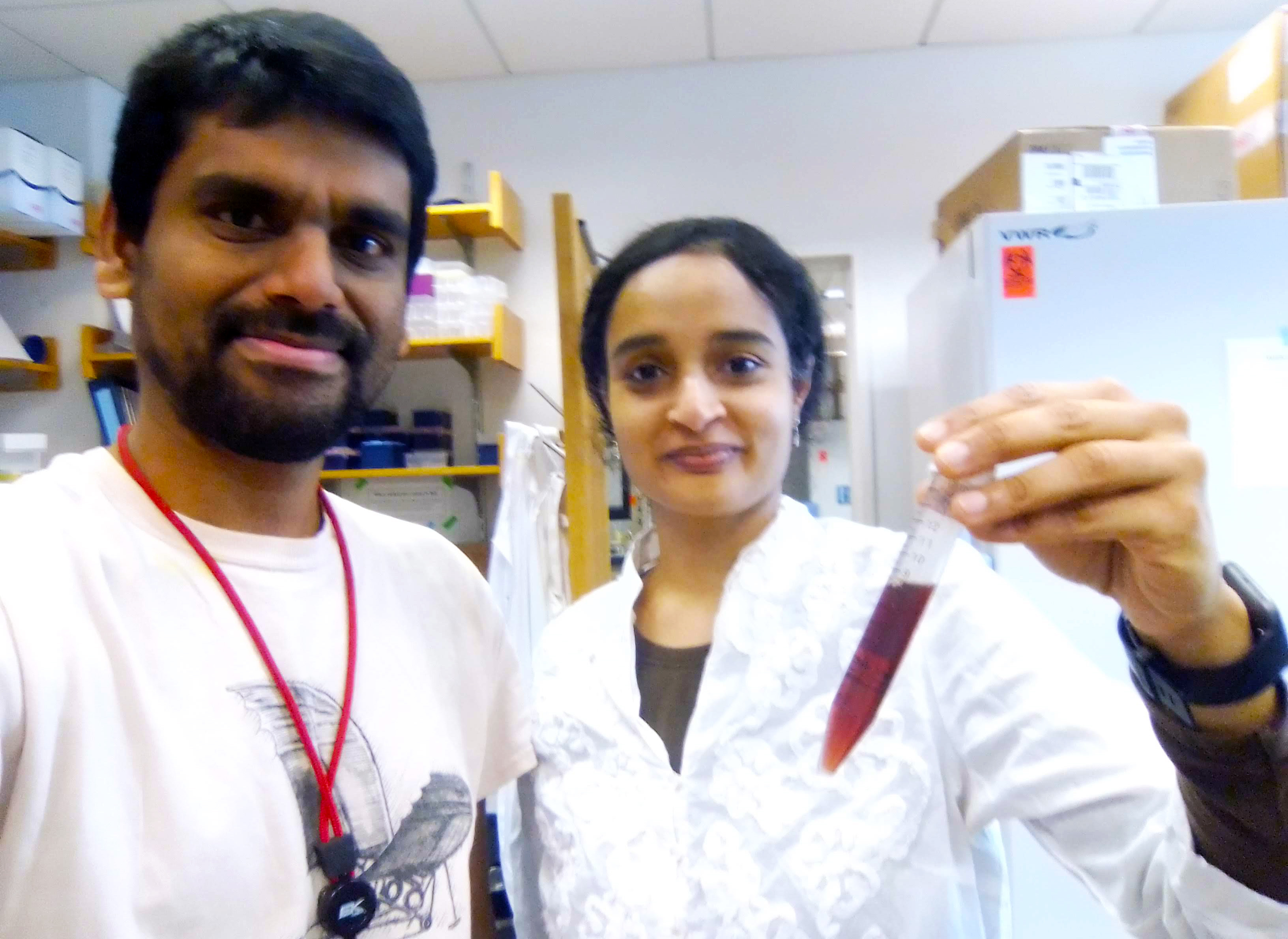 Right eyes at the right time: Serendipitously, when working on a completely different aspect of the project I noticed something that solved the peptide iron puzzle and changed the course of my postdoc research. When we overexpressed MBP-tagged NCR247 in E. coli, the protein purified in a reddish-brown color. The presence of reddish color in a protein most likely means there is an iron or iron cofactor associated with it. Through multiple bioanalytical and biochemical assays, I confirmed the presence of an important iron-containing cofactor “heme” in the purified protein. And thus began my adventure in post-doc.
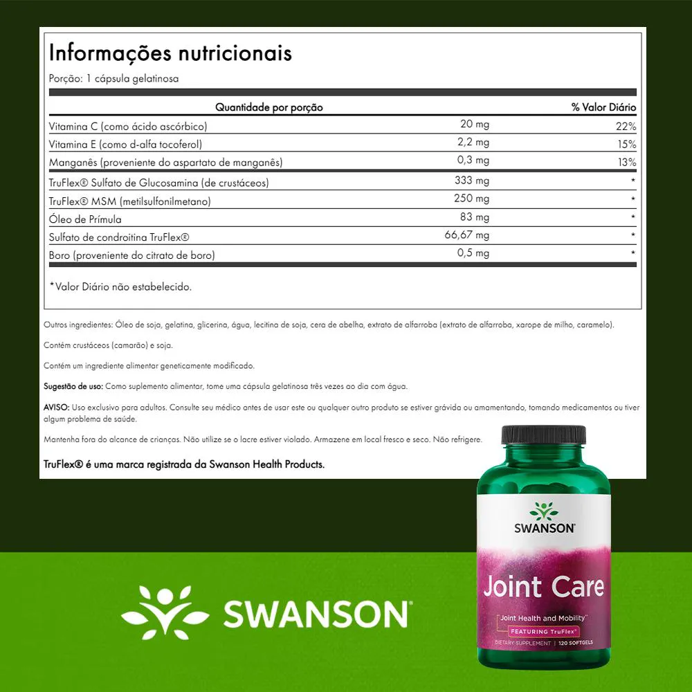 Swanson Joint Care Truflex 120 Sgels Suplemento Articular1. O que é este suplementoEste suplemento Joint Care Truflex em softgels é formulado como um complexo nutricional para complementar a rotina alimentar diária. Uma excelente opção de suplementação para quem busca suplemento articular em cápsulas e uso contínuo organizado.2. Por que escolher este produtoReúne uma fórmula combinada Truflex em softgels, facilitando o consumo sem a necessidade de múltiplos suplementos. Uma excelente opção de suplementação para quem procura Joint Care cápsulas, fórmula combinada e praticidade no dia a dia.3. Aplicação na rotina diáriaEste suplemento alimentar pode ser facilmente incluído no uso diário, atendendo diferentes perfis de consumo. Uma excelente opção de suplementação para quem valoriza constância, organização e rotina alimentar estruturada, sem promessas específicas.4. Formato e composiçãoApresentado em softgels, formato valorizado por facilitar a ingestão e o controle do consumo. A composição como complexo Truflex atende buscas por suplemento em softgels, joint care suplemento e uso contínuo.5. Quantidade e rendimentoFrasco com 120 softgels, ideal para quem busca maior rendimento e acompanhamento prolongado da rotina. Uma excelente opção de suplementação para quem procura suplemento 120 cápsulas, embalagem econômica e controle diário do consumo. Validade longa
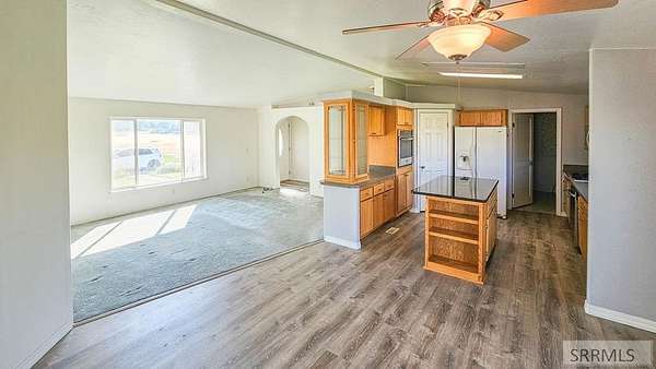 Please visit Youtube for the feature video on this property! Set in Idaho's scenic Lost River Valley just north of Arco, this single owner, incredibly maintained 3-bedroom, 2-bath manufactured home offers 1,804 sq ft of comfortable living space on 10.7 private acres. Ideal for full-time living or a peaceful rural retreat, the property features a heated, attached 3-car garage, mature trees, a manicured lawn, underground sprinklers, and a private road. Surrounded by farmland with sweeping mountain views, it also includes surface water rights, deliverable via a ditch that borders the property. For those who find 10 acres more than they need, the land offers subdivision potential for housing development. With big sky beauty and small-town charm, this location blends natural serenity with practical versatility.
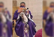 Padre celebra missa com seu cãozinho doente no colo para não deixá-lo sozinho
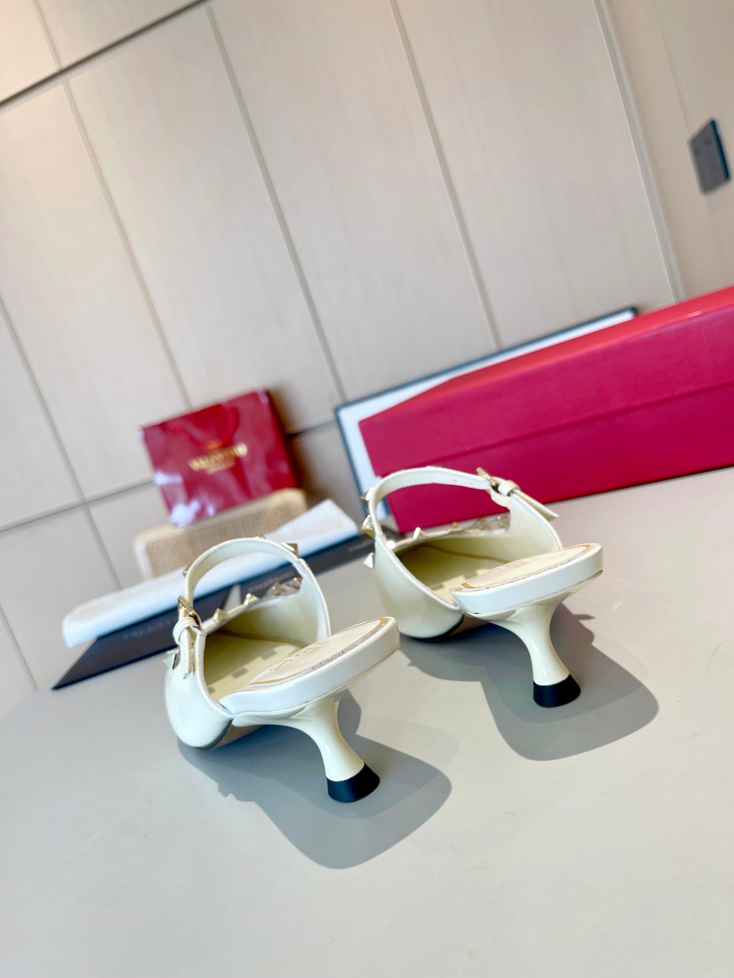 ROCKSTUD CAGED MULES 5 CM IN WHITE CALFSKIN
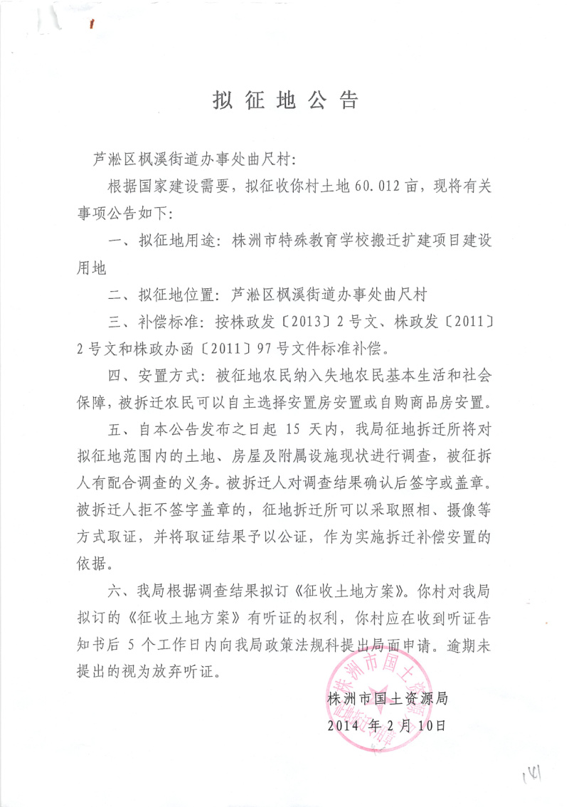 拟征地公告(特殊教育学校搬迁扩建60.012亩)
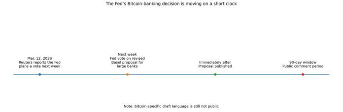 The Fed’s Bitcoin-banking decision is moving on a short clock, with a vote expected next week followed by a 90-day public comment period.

==

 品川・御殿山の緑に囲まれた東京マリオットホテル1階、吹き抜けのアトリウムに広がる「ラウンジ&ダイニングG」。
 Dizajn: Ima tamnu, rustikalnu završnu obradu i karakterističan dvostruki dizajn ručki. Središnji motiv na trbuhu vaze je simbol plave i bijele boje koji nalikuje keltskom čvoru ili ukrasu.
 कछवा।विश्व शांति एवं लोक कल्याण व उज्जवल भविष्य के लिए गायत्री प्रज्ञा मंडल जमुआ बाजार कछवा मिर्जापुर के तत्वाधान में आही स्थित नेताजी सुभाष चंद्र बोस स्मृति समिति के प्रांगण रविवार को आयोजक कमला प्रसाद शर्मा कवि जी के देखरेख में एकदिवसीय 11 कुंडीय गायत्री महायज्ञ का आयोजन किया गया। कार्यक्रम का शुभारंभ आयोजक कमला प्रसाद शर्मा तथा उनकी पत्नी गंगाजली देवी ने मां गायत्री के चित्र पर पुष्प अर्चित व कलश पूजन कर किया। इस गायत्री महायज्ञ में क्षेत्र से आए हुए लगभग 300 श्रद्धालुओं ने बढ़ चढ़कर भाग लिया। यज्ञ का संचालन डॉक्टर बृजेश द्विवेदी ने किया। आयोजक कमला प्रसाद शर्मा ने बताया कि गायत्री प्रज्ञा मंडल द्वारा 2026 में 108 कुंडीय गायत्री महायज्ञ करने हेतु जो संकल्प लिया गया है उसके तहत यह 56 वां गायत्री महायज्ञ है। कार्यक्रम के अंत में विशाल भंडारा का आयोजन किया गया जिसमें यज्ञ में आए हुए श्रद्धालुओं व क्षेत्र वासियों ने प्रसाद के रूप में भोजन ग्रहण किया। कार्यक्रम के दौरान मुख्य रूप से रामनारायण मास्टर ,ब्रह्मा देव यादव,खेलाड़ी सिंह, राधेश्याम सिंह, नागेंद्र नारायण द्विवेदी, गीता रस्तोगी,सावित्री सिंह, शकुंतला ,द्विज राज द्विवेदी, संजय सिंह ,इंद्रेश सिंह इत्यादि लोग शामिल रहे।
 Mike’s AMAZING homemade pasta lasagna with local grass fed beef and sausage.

* [TASK DESCRIPTION]
Above are the entries. Quote exactly the lines from the one bearing "品川・御殿山の緑に囲まれた東" through the one bearing "Dizajn: Ima tamnu, rustikalnu".

* [ANSWER FOR THE TASK]
 品川・御殿山の緑に囲まれた東京マリオットホテル1階、吹き抜けのアトリウムに広がる「ラウンジ&ダイニングG」。
 Dizajn: Ima tamnu, rustikalnu završnu obradu i karakterističan dvostruki dizajn ručki. Središnji motiv na trbuhu vaze je simbol plave i bijele boje koji nalikuje keltskom čvoru ili ukrasu.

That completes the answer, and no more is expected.